◆ **PROBLEM DESCRIPTION**
A full, word-for-word copy of the listing below is needed; leave the images out of it.

◆ **THE DATA**
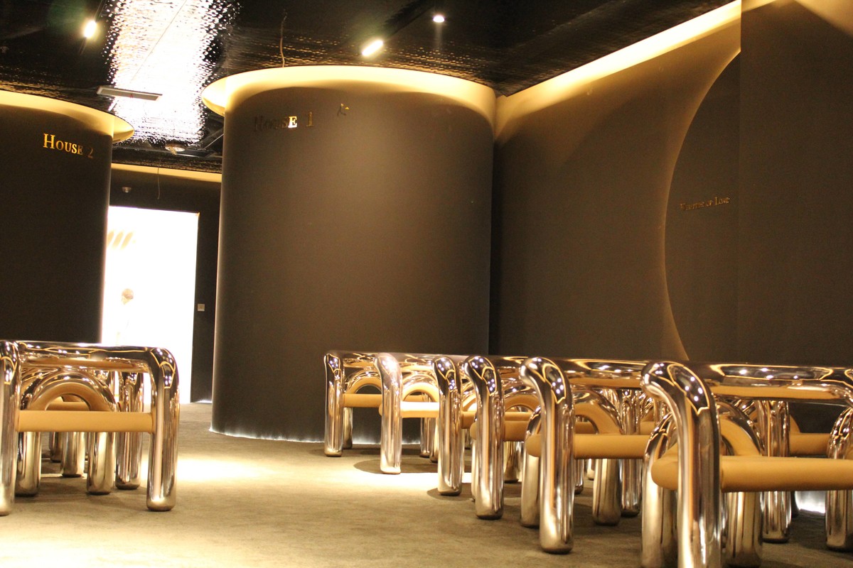 继续向里走,步入一段由全镜面组成的“万花筒”走廊,象征生活的千姿百态、缤纷多彩;穿过“万花筒”,是全黑色设计的婚姻辅导服务区、自助服务区等,新人们将在这里体验“婚前一课”,还有为新人们准备的“私密对话”环节——在暗黑色的圆形小间内,在成为“合法夫妻”前的一刻,把你们的悄悄话、私密话说完道尽;最后抵达的是办证厅,形成鲜明对比的是,这里采用暖色调布局,呈现温馨的氛围。
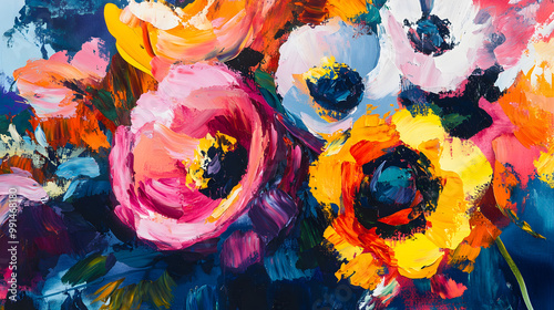 Pintura sobre lienzo de estilo expresionista floral botánico que muestra una combinación de colores y tonos atrevidos
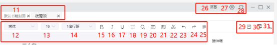 29. 數(shù)字29為保存按鈕,點(diǎn)擊可執(zhí)行保存文檔操作,快捷鍵Ctrl+S;
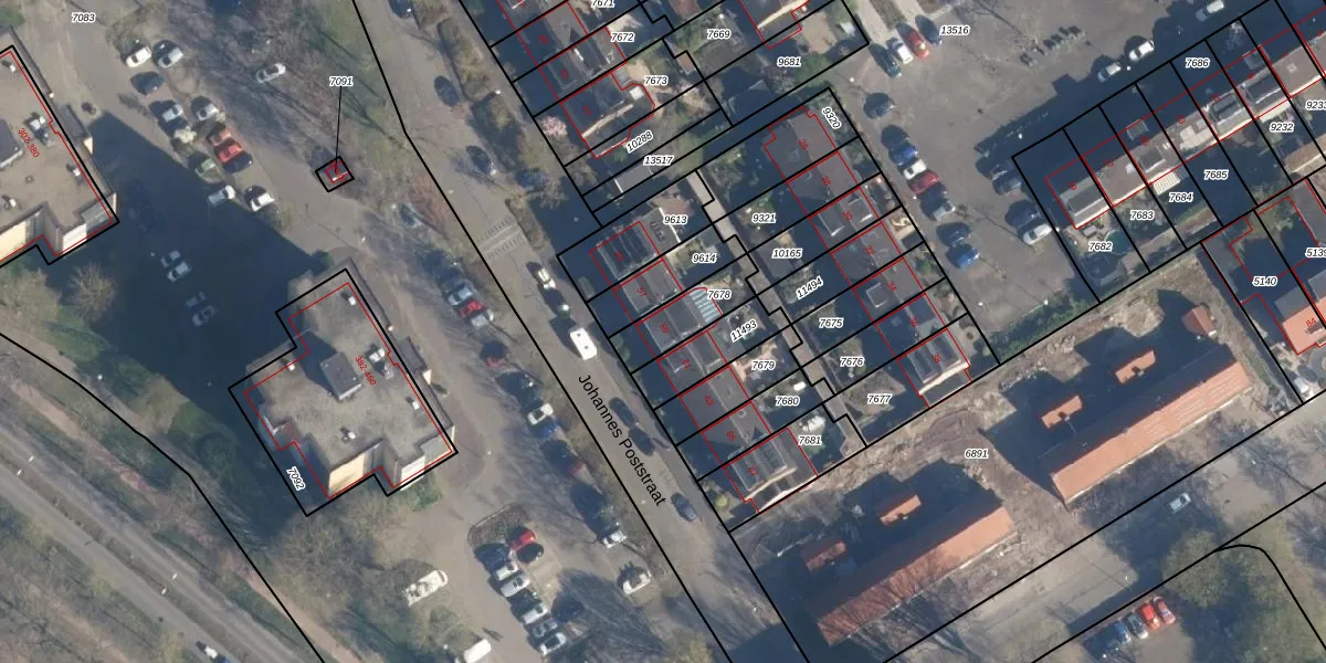 Johannes Poststraat 59 is gelegen op kadastraal perceel SOE00G7678. Deze kadastrale aanduiding is uniek en wordt gebruikt door het Kadaster om eigendomsrechten en andere zakelijke rechten vast te leggen. Het perceel maakt onderdeel uit van de kadastrale gemeente Soest.

◆ **TASK RESULT**
 继续向里走,步入一段由全镜面组成的“万花筒”走廊,象征生活的千姿百态、缤纷多彩;穿过“万花筒”,是全黑色设计的婚姻辅导服务区、自助服务区等,新人们将在这里体验“婚前一课”,还有为新人们准备的“私密对话”环节——在暗黑色的圆形小间内,在成为“合法夫妻”前的一刻,把你们的悄悄话、私密话说完道尽;最后抵达的是办证厅,形成鲜明对比的是,这里采用暖色调布局,呈现温馨的氛围。
 Pintura sobre lienzo de estilo expresionista floral botánico que muestra una combinación de colores y tonos atrevidos
 29. 數(shù)字29為保存按鈕,點(diǎn)擊可執(zhí)行保存文檔操作,快捷鍵Ctrl+S;
 Johannes Poststraat 59 is gelegen op kadastraal perceel SOE00G7678. Deze kadastrale aanduiding is uniek en wordt gebruikt door het Kadaster om eigendomsrechten en andere zakelijke rechten vast te leggen. Het perceel maakt onderdeel uit van de kadastrale gemeente Soest.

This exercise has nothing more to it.